A diferença de propósito e de encaminhamento do tema e das personagens explica a separação entre os dois grupos de histórias e indica os rumos que essa modalidade de narrativa assumirá doravante. Seu traço mais marcante aponta para uma oposição entre o real e a fantasia, corporificada a última pelo imaginário infantil, povoado pelos desejos insatisfeitos a que cabe dar forma e solução por meio da atividade ficcional. Esta, por sua vez, prefere em geral o tema da viagem, remontando ao modelo épico sempre tão eficaz, por isso presente também nas obras de Antônio Barata, O livro dos piratas (1940), e Max Yantok, O pequeno

comandante (1933), que, desde o título, dão conta dos eventos emocionantes

propiciados pela vida marítima. E, como no caso da epopéia clássica, cria as condições de sua continuidade, renovando os motivos que deflagraram a aventura e optando, de certo modo, por uma rotatividade narrativa. É-lhe permitido, entretanto, resolver os problemas que estimularam a fantasia e, por decorrência, a ação aventureira; nesse caso, acaba legitimando a vida doméstica, tolerável agora em virtude da pacificação interior do protagonista principal.
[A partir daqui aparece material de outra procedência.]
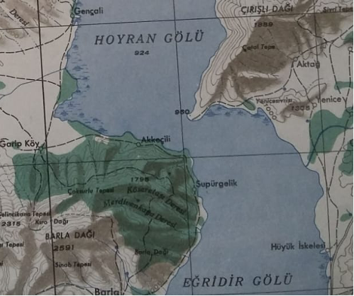 Bugün için Eğirdir Gölü denilen göl, 1530 tarihli defterlere göre Eğirdir ve Hoyran olmak üzere iki ayrı göldü ve iki göl arasında suları Hoyran’dan Eğirdir’e [kuzeyden güneye] doğru akan, ağzı kaynağına yakın [seyri kısa], derin, suyu bol bir ırmak vardı. Sardes’ten gelen Anayol [Kıral Yolu], bu ırmağı Kemer Boğazı’nda Yeñice-köyü köprüsünden geçerek Susa’ya gidiyordu. Köprü şarkında 1568 tarihli, Eğirdir Yörüklerinden Celâlî Karamanlısı 14 kişi tarafından onarılan Afşar kz., Yeñice Derbendi vardı. 1501 tarihli bir deftere göre, Afşar kz., Maziye [Marsia] karyesi, Firigos Boğazı’nda 500 [akçe] gemi hâsılı vardı. Beyşehir Gölü de, Kıreli ve Beyşehir gibi iki ayrı göldü. Pîrî Reis ve Kâtip Çelebi haritaları, coğrafî değişimi tasdik ediyorlardı. Firigos Boğazı, Kemer Boğazı idi [bk. Har.2, Har.3].
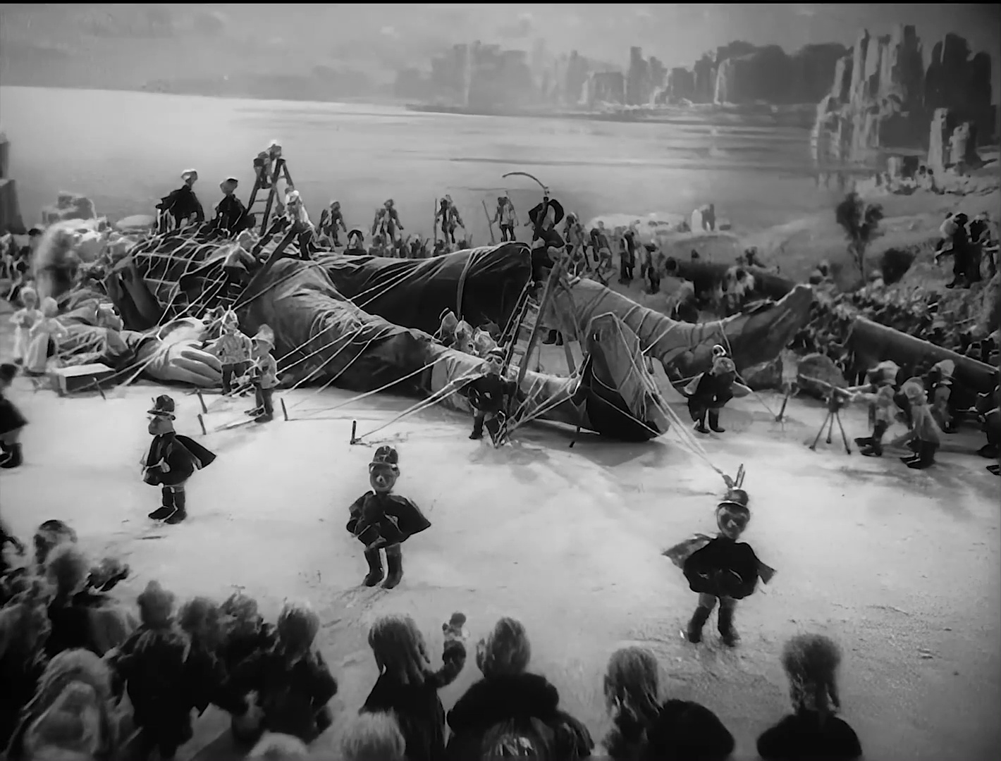 Новый Гулливер Производство: СССР / Мосфильм Жанр: сказка, мультфильм, фантазия, комедия Год выпуска: 1935 Продолжительность: 01:15:57 Режиссёр: Александр Птушко В ролях: Владимир Константинов, Иван Юдин, Иван Бобров, Фёдор Брест, Михаил Дагмаров, Борис Евгенев Описание: Пионер Петя, отдыхающий в Артеке, получил в подарок книгу "Путешествие Гулливера". Приключения "человека-горы" в стране лилипутов взволновали воображение пионера. Однажды, нечаянно заснув на берегу моря, Петя увидел себя во сне отважным путешественником Гулливером. Как и в книге, его корабль терпит крушение, и волна выбрасывает его на берег Лилипутии, где он попадает в плен к маленьким человечкам. Парламент Лилипутии решает сохранить Пете жизнь и даже принять его, как высокого гостя. Петя хочет узнать, как живет народ Лилипутии. Понятно, что рабочий класс Лилипутии угнетается правящими кругами, всю свою жизнь рабочие проводят в подземельях, изготавливая оружие. И вот пролетариат Лилипутии поднимает восстание. Конечно же Петя, как настоящий советский пионер, помогает повстанцам… Качество видео: WEBRip, AVC, 1080p Формат видео: MKV Видео: H.264 / AVC, 1420x1080, 30 fps, 6000 kbps Аудио: AC-3, 44,1 kHz, 2 ch, 192.00 kbps

A literatura infantil brasileira, elaborando ficcionalmente seus modelos narrativos e heróis, funda um universo imaginário peculiar que se encaminha em duas direções principais. De um lado, reproduz e interpreta a sociedade nacional, avaliando o processo acelerado de modernização, nem sempre aceitando-o com facilidade, segundo se expressam narradores e personagens. Para tanto, circunscreve um espaço preferencial de representação — o ambiente rural — o qual passa a simbolizar as tendências e o destino que experimenta a nação, quando não significa, na direção contrária, a negação dos mesmos processos e a idealização de um passado sem conflitos. De outro lado, dá margem à manifestação do mundo infantil, que se aloja melhor na fantasia, e não na sociedade, opção que sugere uma resposta à marginalização a que o meio empurra a criança. De um modo ou de outro, enraíza-se uma tradição — a de proposição de um universo inventado, fruto sobretudo da imaginação, ainda quando esta tem um fundamento social e político. Esta tradição dá conta da faceta mais criativa da literatura para crianças no país, no período agora examinado.